Let’s talk goals: what is the purpose of developing this feature?

We’ve identified two:

Firstly, to retain subscribers: to encourage them to use and consume content
And also subscriber acquisition, by promoting this service reserved for subscribers only

In 2022, the scope of the project was limited to the La Matinale app, right?

Yes, that’s right. La Matinale is a finished format, with engaged, loyal users and an already established product. And the fact that it’s a selected list of 20 articles makes it easy for a reader to choose those that interest them and build their own ‘playlist’ to listen to on their morning commute.

There’s also less of an audience on La Matinale than on our main Le Monde application, which makes it a more fertile ground for experimentation and innovation.

While we opted for an iterative approach and initially restricted this functionality to La Matinale, from the outset we designed the player and article transcription mechanism to be re-usable on all our articles and in the main Le Monde app.

When you started out, did you make a distinction between free and paid articles, or between subscribed readers and those who aren’t?

We’ve put a lot of thought into this, between reinforcing the value of our subscription by reserving the feature for paying readers, and bringing this new way of getting information to as many people as possible.

That’s why, when we launched the feature in La Matinale, the audio functionality was available to all on both free and paid articles. In this way, non-subscribers could listen to the few free articles featured each day in the Matinale edition.

Finally, when we deployed the service on the main Le Monde app, we reserved it for subscribers only. So we re-aligned La Matinale on the same principle.

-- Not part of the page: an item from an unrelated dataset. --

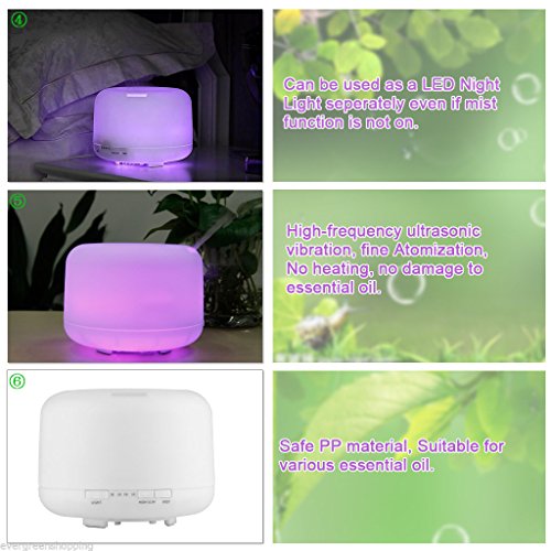 Alotpower 7 Color Gradient Light Aroma Diffuser Ultrasonic Aromatherapy Machine Air Humidifier Mistener Atomizer 500ML Extra Large Capacity
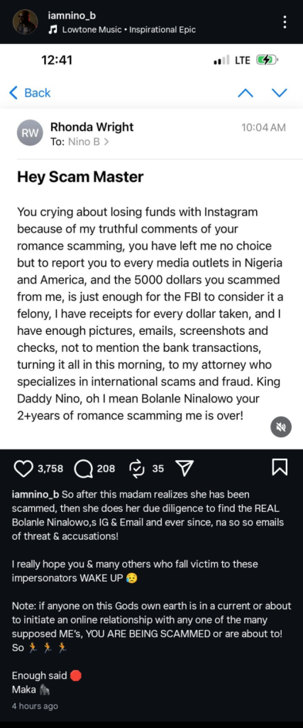 Reacting to the allegation, Ninalowo shared a screenshot of the email on his verified social media page. He clarified that he has never been involved in any romance scam and urged fans to avoid falling victim to fraudsters who impersonate him online.

How did you choose the text-to-speech tech solution?

We quickly eliminated the option of a human reading. We publish over 100 articles a day and wanted to offer the audio version as soon as it was published, so we didn’t have the time required to have them read by actors, record the voices, and so on. In this context, the solution of synthesized voice was obvious.

We studied various solutions: Murf, Odia, Remixd, Voxygen, Google, ETX Studio, Read Speaker and Microsoft Azure Cognitive Service.

In the end, we opted for the Microsoft solution, based on the primary criterion of voice quality. At the time, they had the most convincing French voice.

We’re continuing to keep a close eye on the progress of speech synthesis technologies, both from Microsoft and other players, because things are moving very fast in this field of generative AI.

In addition to the question of voice, there’s that of broadcasting. Which audio player did you choose?

This project enabled us to develop our own native player for our mobile app. Previously, we had been using an “embed” web player, which was disappointing on several levels: no playback continuity outside navigation, few functionalities linked to reading comfort…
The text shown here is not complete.